We claim that this is equal to the number of ways to pair up $n$ objects (in particular, is zero if $n$ is odd). Spoiler: the "objects" are the differentiations.
The key idea is to think about differentiating $n$ times turn by turn. The first of the $n$
differentiations must act ”upstairs” - that is by differentiating $t^2/2$ in the exponent. This
”brings down” a factor of $t$ (since $\frac{d}{dt} e^{t^2}/2
= te^{t^2/2}$) . The second differentiation, by the product rule, can act either
”upstairs” by differentiating $t^2/2$ in the exponent again, bringing down another factor
of $t$ (for a term of $t^2e^{t^2/2}$), or ”downstairs”, differentiating the $t$-factor that the first differentiation
created (for a term of $e^{t^2/2}$). Then, for each of those, the third differentiation can either create
yet another factor of $t$ (for terms $t^3e^{t^2/2}$ and $te^{t^2/2}$), or erase either one of the two previously created factors
(from $t^2e^{t^2/2}$ we get $2te^{t^2/2}$ - one for the "first" $t$ and one for the "second" $t$; there is no term for $e^{t^2/2}$ since no "downstairs" $t$ is available to erase). We can think of each ”upstairs” differentiation as ”creating” a factor of $t$ (we
can give it an extra name of ”$t$ created at the i-th differentiation” for bookkeeping purposes,
though it is of course the same variable $t$ - the only variable in this computation);
and each ”downstairs” differentiation as picking one of the factors of $t$ created earlier, and
erasing it. All this choosing ”up” or ”down” and creating and erasing factor goes on for $n$
turns (if no ”down” factors are available at some point, then the ”upstairs” differentiation
must be chosen), at which point the complete $n$-th derivative is computed.
We note that in this way some of the derivative steps are paired off – if the $j$th differentiation
acted downstairs to erase the factor of $t$ created by the $i$th differentiation, then
we think of $i$th and $j$th differentiation as paired. In this way of thinking, the unpaired
differentiations must all act upstairs and create factors of t that remain in the final result.

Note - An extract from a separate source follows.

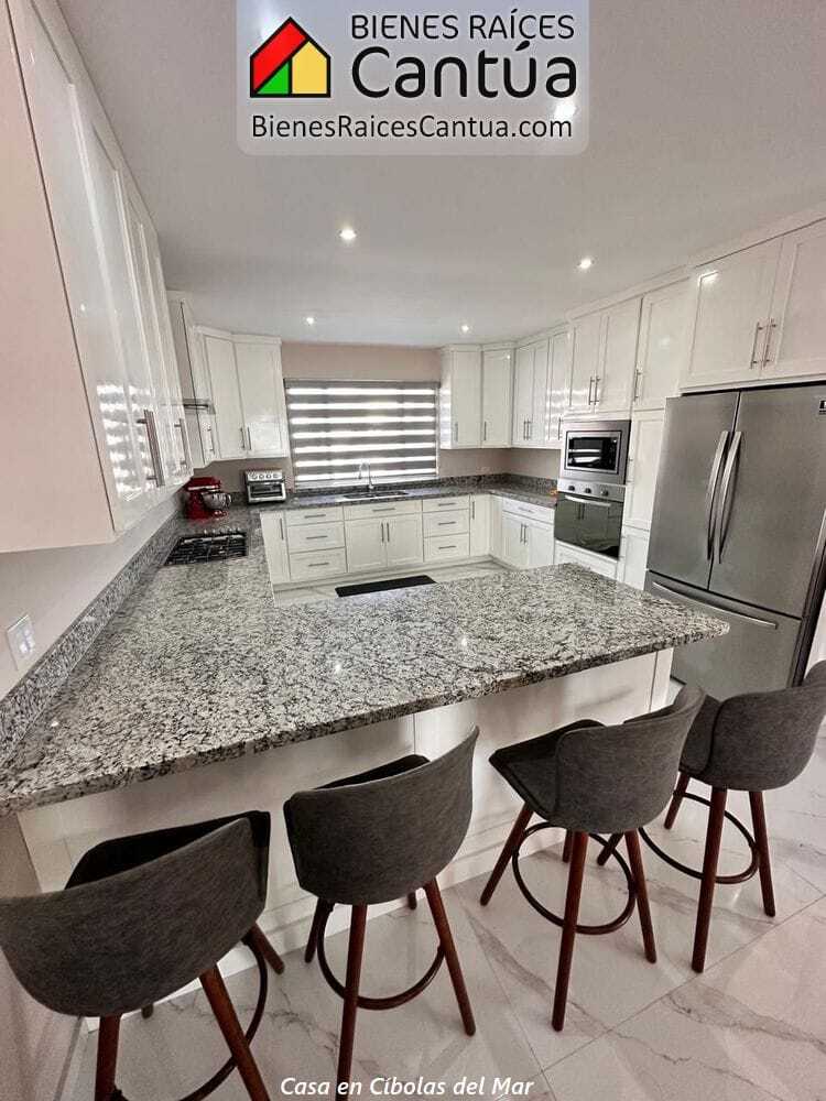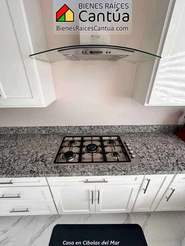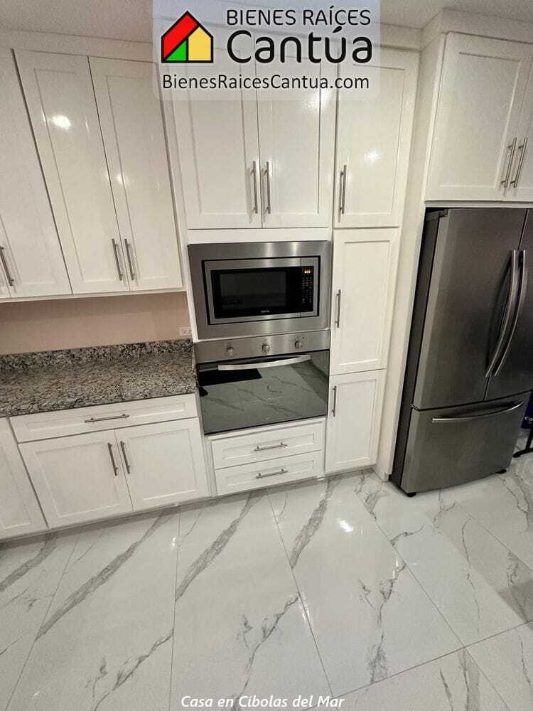 • Cocina integral equipada con estufa, microondas, refrigerador, horno, hornito y campana.

Of course, if we then evaluate the resulting derivative at $t = 0$, any term containing
unpaired differentiation (and hence a positive power of $t$) will vanish! The terms that
will remain will be precisely those which came from the ”fully paired” differentiation
sequences, with each of those contributing the factor of $e^{t^2/2}|_{t=0} = 1$. Thus the value of
our $n$th derivative at $t = 0$ is simply the number of ways of pairing up the $n$ differentiations.
Remarks: This works for higher dimensional Gaussians as well, giving, among other things the Isserlis's theorem. In fact, this is a of 0-D version of Feynman's path integrals (here the space-time is a point, and we are integrating over the space of functions i.e. over $\mathbb{R}$, the action $S$ is quadratic $x^2/2$ (this is a "free" or "non-interacting" theory), and the path integral of some function of the field $f(x)$ is $\int_\mathbb{R} f(x) exp(-S(x))dx$; we get that the answer is given by summing over univalent graphs on vertices coming from $f$. For more interesting theories, with action having, say, cubic terms, we would have to sum over trivalent graphs - which now can have internal vertices. Pursuing this in full generality should lead to Feynman diagrams.